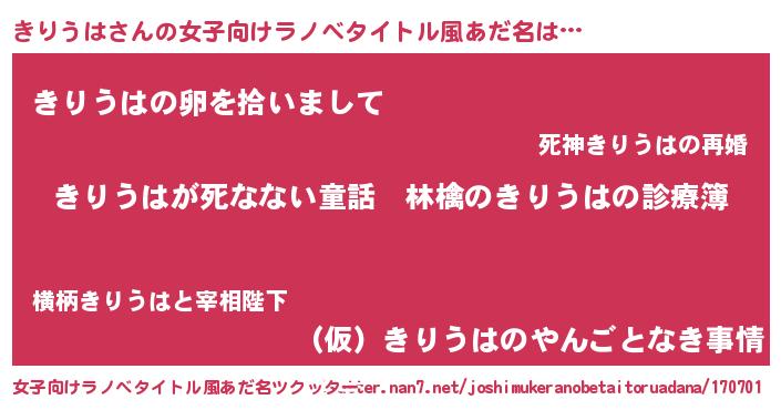 | 男性向けラノベタイトル風あだ名 | 『魔弾の王ときりうは』『きりうはの憂鬱』 |
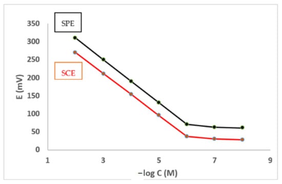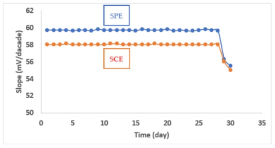 | Slope (mV decade−1) * | 59.70 ± 0.40 | 58.10 ± 0.60 | 52.00 ± 0.10 | 50.00–65.00 | 57.00 ± 0.22 | 50.00–65.00 |
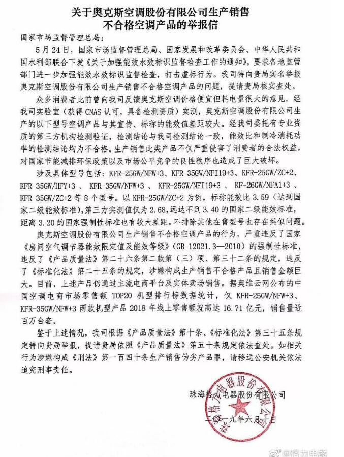 相比較格力方面有理有據的公開舉報,奧克斯方面的回應則顯得有些蒼白無力。

════════════════════

**WHAT YOU ARE ASKED TO DO:**
From the first line to the last, retype the data above exactly, but not its images.

**ANSWER TO THE PROBLEM:**
 | 男性向けラノベタイトル風あだ名 | 『魔弾の王ときりうは』『きりうはの憂鬱』 |
 | Slope (mV decade−1) * | 59.70 ± 0.40 | 58.10 ± 0.60 | 52.00 ± 0.10 | 50.00–65.00 | 57.00 ± 0.22 | 50.00–65.00 |
 相比較格力方面有理有據的公開舉報,奧克斯方面的回應則顯得有些蒼白無力。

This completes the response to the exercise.